WHAT THIS TASK INVOLVES. When you reach the line in the data below that contains "Sowohl die beiden", please start repeating lines exactly, and stop after the line that contains "Nový přívěs pro", repeating nothing else.

____ INFORMATION SUPPLIED

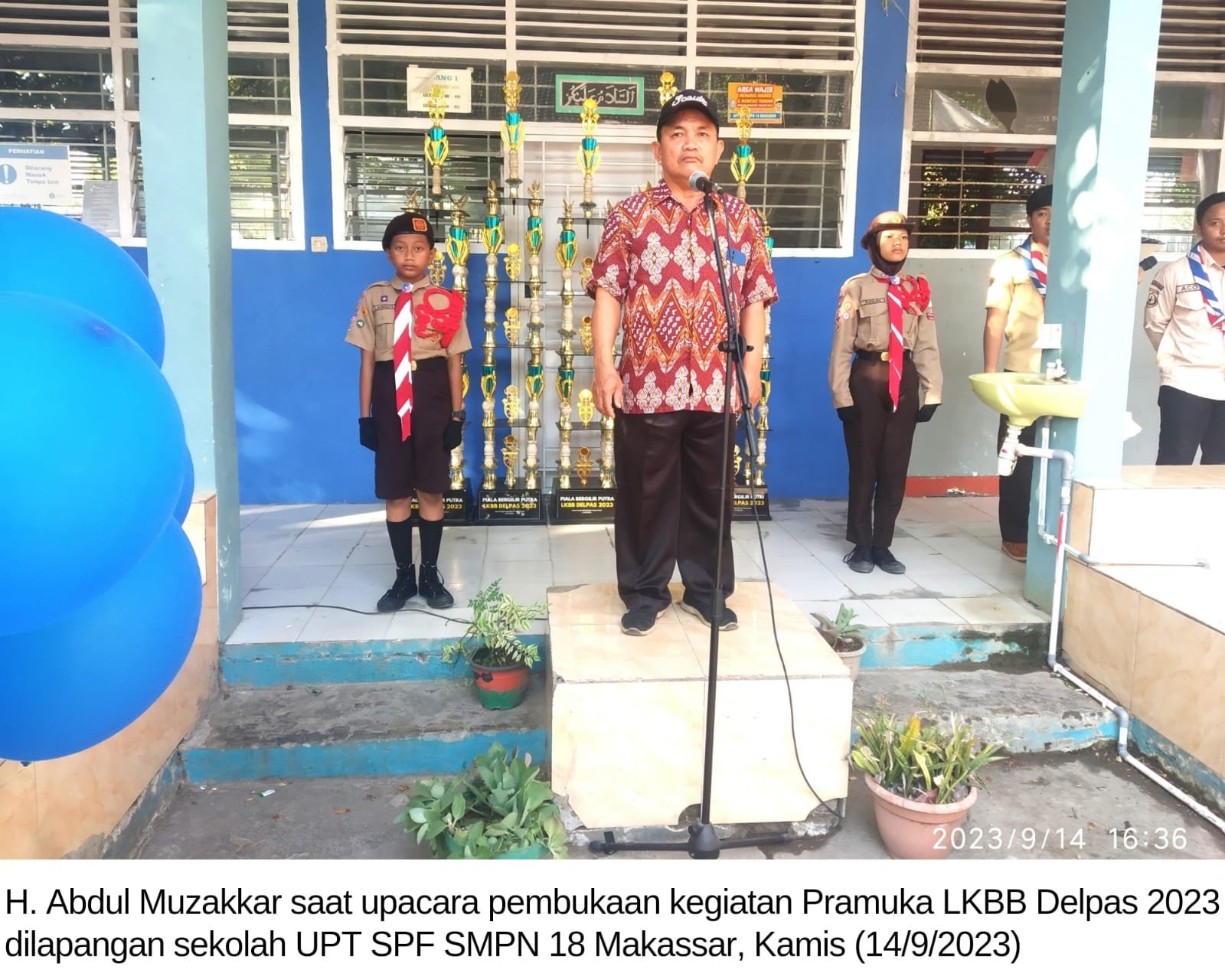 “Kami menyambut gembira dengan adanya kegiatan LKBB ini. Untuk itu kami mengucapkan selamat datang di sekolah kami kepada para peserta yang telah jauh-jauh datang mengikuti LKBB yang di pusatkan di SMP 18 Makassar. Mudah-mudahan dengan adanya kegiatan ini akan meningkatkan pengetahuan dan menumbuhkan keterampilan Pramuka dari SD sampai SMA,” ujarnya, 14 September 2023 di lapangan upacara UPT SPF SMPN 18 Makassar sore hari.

________
____ INFORMATION SUPPLIED

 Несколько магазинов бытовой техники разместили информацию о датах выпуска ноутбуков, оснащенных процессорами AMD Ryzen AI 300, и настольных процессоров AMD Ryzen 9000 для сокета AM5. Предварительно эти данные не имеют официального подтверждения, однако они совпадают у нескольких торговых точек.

________
____ INFORMATION SUPPLIED

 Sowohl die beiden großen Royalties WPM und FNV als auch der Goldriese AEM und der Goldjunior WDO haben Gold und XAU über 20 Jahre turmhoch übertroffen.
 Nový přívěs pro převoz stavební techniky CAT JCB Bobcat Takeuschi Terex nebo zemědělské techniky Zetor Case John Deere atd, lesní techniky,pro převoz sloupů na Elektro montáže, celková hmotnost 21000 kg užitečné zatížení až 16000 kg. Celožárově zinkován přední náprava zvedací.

________

FINISHED TASK.
 Sowohl die beiden großen Royalties WPM und FNV als auch der Goldriese AEM und der Goldjunior WDO haben Gold und XAU über 20 Jahre turmhoch übertroffen.
 Nový přívěs pro převoz stavební techniky CAT JCB Bobcat Takeuschi Terex nebo zemědělské techniky Zetor Case John Deere atd, lesní techniky,pro převoz sloupů na Elektro montáže, celková hmotnost 21000 kg užitečné zatížení až 16000 kg. Celožárově zinkován přední náprava zvedací.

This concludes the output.